Two days ago, I wake up. "It's dark. Crap, I haven't slept enough. Hmm, it's 7am. Crap, the sun went out. Wait."
Actually, despite being roughly due south of England, France and most of Spain are crammed into the same time zone as Germany. So it was really 6am in normal people time -- or 5am without DST -- which is a perfectly fine time to be dark at this latitude in October, when the equinox has passed and the days are probably getting rapidly shorter.
The Other White People
If you know your US history the way I do, you may be able to think of the major European migrations to the US and even roughly date them. English, Scots/Scots-Irish, Germans, a probably swamped sprinkling of Dutch in New Amsterdam, Scandinavians, actual Irish, Poles and Italians, Russians, Jews.
Notably missing: French or Spanish. Spanish people of course got here first, but mostly to the south, and mostly well mixed with the natives. French went to Quebec and New Orleans, with maybe some spillover into New Hampshire, but you generally don't find French neighborhoods in our cities. So, I figure the US conception of what white people look like, derived mostly from looking at ourselves, has a big hole in it. I'd heard of "Gallic faces" before, and knew a girl at IU who was rather distinctive, and here in Paris... yeah. Oh, plus that Belgian restaurant I mentioned seeing in King's Cross a couple months ago.
Montmartre
So there's this neighborhood. I haven't read much about it, but I could tell it was big from the airbnb postings bragging about being in it. Or near it. My hostess marked it on a map. So yesterday I trudged over. In short, lots of restaurants and art galleries, on top of a hill, next to the basilica of the sacred heart which has perpetual prayers. Also, tiny blocks and windy streets. Basically your super-pedestrian artsy neighborhood, I guess.
But that came later. I first ran into the Square Louise Michel, a small park at the foot of steep steps going up to what turned out to be the basilica, and I checked it out... to be immediately accosted by an African grabbing my hand and twining colored string around my fingers. He had what seemed like good English, but he did not use it on "Please" or "May I" or answering my "what are you doing?" but on "Don't worry", "African tradition", and "where are you from". My traditions involve not being manhandled by strangers, and despite his strong grip I managed to break free and escape, somewhat freaked out. Then it happened again on the other side, and I fled the square.
I wondered if there was some real tradition I was breaking, but the one mention I found online later was http://filharmonica.com/?p=63
sidestepping the French African youths who’ve cornered the market of peddling hand woven thread bracelets to tourists by looping the exposed fingers of the unwitting as they pass, and holding them hostage until the bracelet is completed and the mark feels obligated to pay for it. After our last experience in Paris, when one these guys came just shy of chest bumping Phil and using threatening body language to cow us into submission (it didn’t work), we knew enough to make use of alternate routes and withering stares.

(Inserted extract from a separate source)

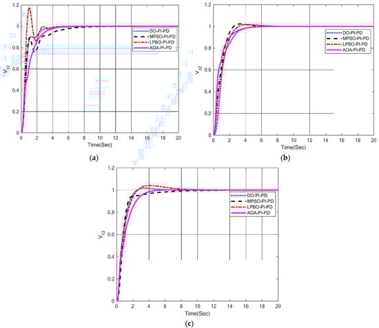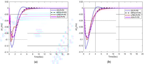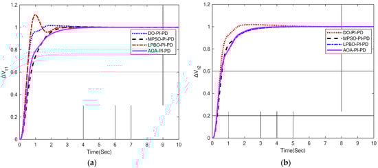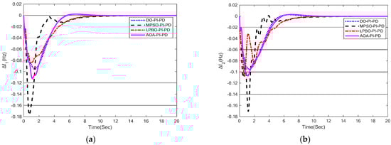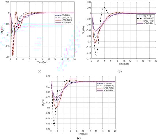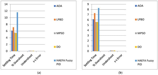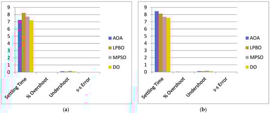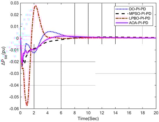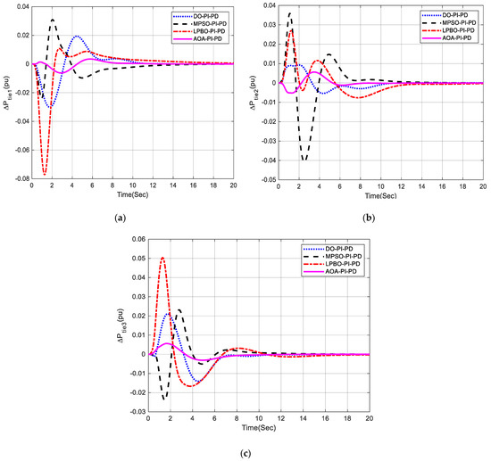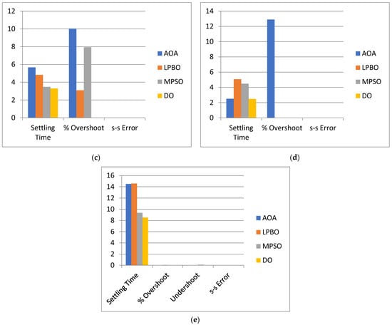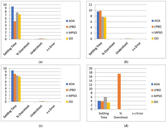 Figure 18 shows the tie-line power deviation curves, and Table 15 presents the numerical results of tie-line power deviation in a three-area, three sources/area IPS with nonlinearities using DO-, AOA-, LPBO- and MPSO-based PI-PD control techniques. The DO-based PI-PD provided the quickest settling times of 10.79 s and 10.35 s in area-1 and area-3, respectively. In area-2, the MPSO-based PI-PD provided a settling time of 11.13 s, which is a little bit lower than the settling time of the DO-based PI-PD controller, which was 11.31 s. This means the DO-based PI-PD controller yielded, relatively, a 13%, 11% and 20% better settling time response compared with the AOA-, LPBO- and MPSO-based PI-PD controllers in area-1. Further, the DO-based PI-PD controller produced, relatively, a 2% and 7% better settling time response compared with the AOA- and LPBO-based PI-PD controllers in area-2. Finally, the DO-based PI-PD controller provided, relatively, a 12%, 24% and 13% better settling time response compared with the AOA-, LPBO- and MPSO-based PI-PD controllers in area-3. Overshoots were once again minimal in each control scheme in all areas. The performance metrics of the DO-, AOA-, LPBO- and MPSO-based PI-PD control techniques in a three-area multi-source IPS with nonlinearities are graphically compared in Figure 19. It is evident that the tie-line power deviation, terminal voltage and frequency responses of the DO-based PI-PD controller are significantly better than those of the other control methods.

Seems my instincts were good.
Food
Restaurant prices seemed high to me, though I just learned that they include not just sales tax but a 15% mandatory service charge, so they're complete prices unlike the UK or US. Still, I've been eating in, and probably will eat in a lot. I've seen a few of Super Marche, supermarkets, but only one has been close to a US/UK one; another seemed like a hole in the wall convenience store, lined with liquor bottles and bananas, like I kept seeing in the UK. The bread and cheese selections weren't that great; then again, boulangeries, or bakeries, are nigh-ubiquitous, so I guess you go to those. Cheese shops would make sense too but I haven't noticed one. Even the best market selection I saw though... there *are* a bunch of varieties, but they're brands of Camembert, or blue, or washed-rind soft cheeses. I've seen one instance of hard cheese, parmesan, and none of cheddar.
I did get Tropicana OJ. "Maxi Size!" at 3 liters, about the same as 64 ounces. Largest I saw in the UK was 1.5 L.